Whole genome sequencing has brought about a whole new set of research challenges in the biomedical field. The vast amounts of data produced from sequencing the human genome necessitates a new computational strategy as well. No longer is it feasible for researchers to build out datacenters equipped with adequate computational power and storage capacity for whole genome sequencing. Cloud computing lowers the barrier to entry for many institutions and allows for access to required resources at a fraction of the cost that it would take to build out a datacenter with the required capacity.

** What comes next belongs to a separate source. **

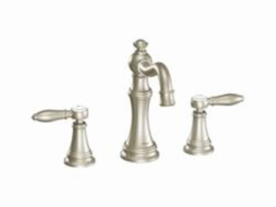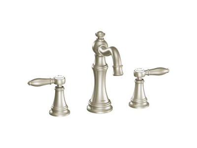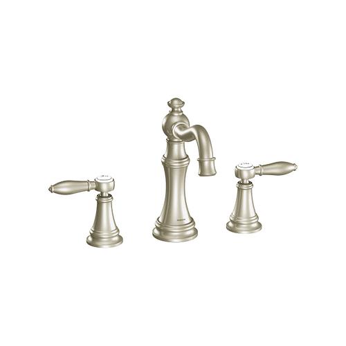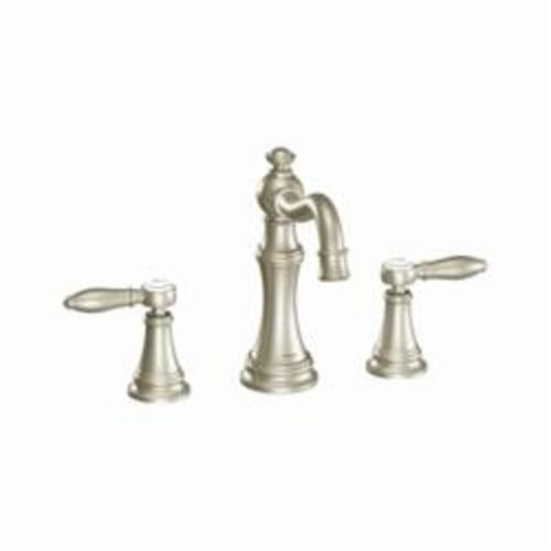 Moen®, TS42108BN, Bathroom Faucet, Series: TS42108, Weymouth™ Collection, 1.2 to 1.5 gpm Flow Rate, 8 to 16 in Center Distance, Fixed Spout, 5-3/4 in Spout Reach, 5-1/4 in Spout Height, Lever Handle, 2 Handles, Pop-Up Drain, 3 Faucet Holes, 1/2 in Connection, IPS Connection, 1-1/4 in Maximum Deck Thickness, Deck Mounting, 1224 Ceramic Disc Cartridge, 9.25 in W x 13.63 in D x 7.5 in H Dimensions, Metal, Brushed Nickel, Domestic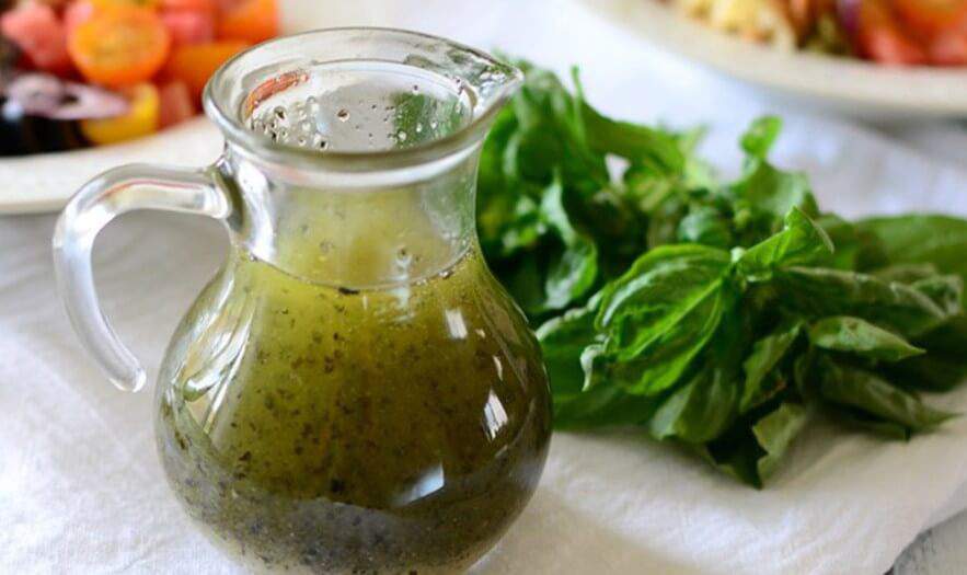 7. Приготовленной заправкой можете полить салат сразу перед подачей на стол, а также оставить впрок. Заправка может храниться в условиях холодильника несколько дней. Каждый раз перед использованием не забудьте хорошо взболтать заправку в баночке.

Currently, the leading player in the cloud computing arena is Amazon Web Services. They offer a multitude of resources that help to store and analyze the data produced by whole genome sequencing. Amazon S3 is used to store the data in a secure, encrypted, redundant environment. EC2 provides a computational environment that is flexible, scalable and stable. Users are able to create virtual machines of various sizes, with up to 60 GB of RAM and 88 cores, and are also able to spin up multiple instances so that workflows can be parallelized. Elastic Map Reduce provides a framework for parallelizing jobs, so that tasks that may have taken days before can now be performed in a matter of hours. All of these services combine to provide research institutions with the necessary capacity to store and analyze the onslaught of next generation sequencing data.
ICBI utilizes Amazon Web Services to store and analyze hundreds of whole genome sequences in a secure and scalable environment. Data analysis pipelines leverage the elastic nature of the cloud and allow the center to scale to thousands of whole genome sequences.